Phospho-CD3 ζ (Tyr142) Antibody

About the Target

CD3Z is a target of interest in many antibody-based workflows. CD3 ζ (zeta) is a crucial transmembrane signaling protein within the T cell receptor (TCR) complex on T lymphocytes, whose cytoplasmic domain contains multiple immunoreceptor tyrosine-based activation motifs (ITAMs) with conserved tyrosine residues such as Tyr142 that are essential for signal transduction. Upon TCR engagement with antigen-presenting cells, these tyrosine residues are rapidly phosphorylated by Src family kinases like Lck and Fyn, generating binding sites for SH2 domain-containing proteins, most notably the kinase ZAP-70. Depending on the literature source, CD3Z may also be discussed as Phospho-CD3 zeta (Tyr142) and CD247.
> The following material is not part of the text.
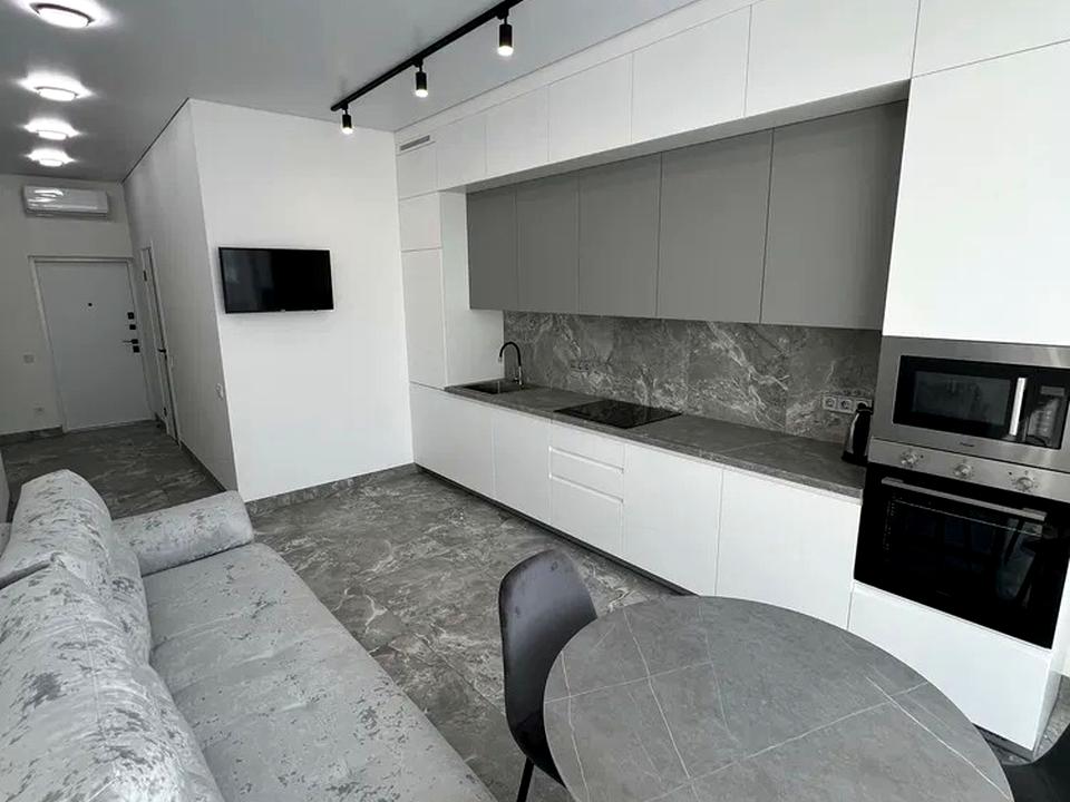 В квартире 2 комнаты, Технологія будівництва - Монолітно-каркасна. Планировка комнат Студия. Кухонная плита электрическая. Горячая вода - электрический бойлер. Отопление автономное. В квартире есть Телевизор, Подогрев полов, Кондиционер, Стиральная машина, Душевая кабина, Ванна, Холодильник, Микроволновка, Посудомойная машина. Дом построен в 2021 году. Общее состояние квартиры - С ремонтом. Количество санузлов: 1. Интернет беспроводной. Работает без света - вода. Комиссия за услуги 75 %

Reported cellular context includes cellmembrane and membrane, which can matter when signal is compared across treatments or changing cell states. Following CD3Z across matched perturbations can help separate abundance effects from shifts in localization, complex assembly, or pathway state.

Research Context

CD3Z is commonly interpreted in the context of immunology and cell signaling research, and readouts are often stronger when a study separates expression changes from compartment-level redistribution. When reported signal spans cellmembrane and membrane, a defined reference condition can make comparisons more interpretable across perturbations, passages, or replicate sets.

Consider these angles when interpreting target-level changes:

• apparent redistribution between cellmembrane and membrane across matched conditions
• context differences tied to immune-cell state, activation, or lineage composition
• signal-dependent shifts after ligand, inhibitor, or growth-factor perturbation
• differences between total target abundance and site-specific regulation when modified forms are compared

Variant Considerations

If your project spans exploratory questions, the regular version offers a balanced option for establishing baseline signal behavior for CD3Z. This can help when protocols evolve over time and the goal is to compare experiments using a stable reference workflow.

Standardize sampling time, control choice, and downstream analysis thresholds so apparent differences in CD3Z reflect biology rather than handling. When interpreting CD3Z, it is often useful to decide early whether the main question is overall abundance, compartmental enrichment, or context-dependent redistribution.

For multi-run studies, a shared reference condition can keep CD3Z trends easier to compare across datasets. That kind of consistency is especially helpful when follow-up work expands to new perturbations, model systems, or longitudinal collections.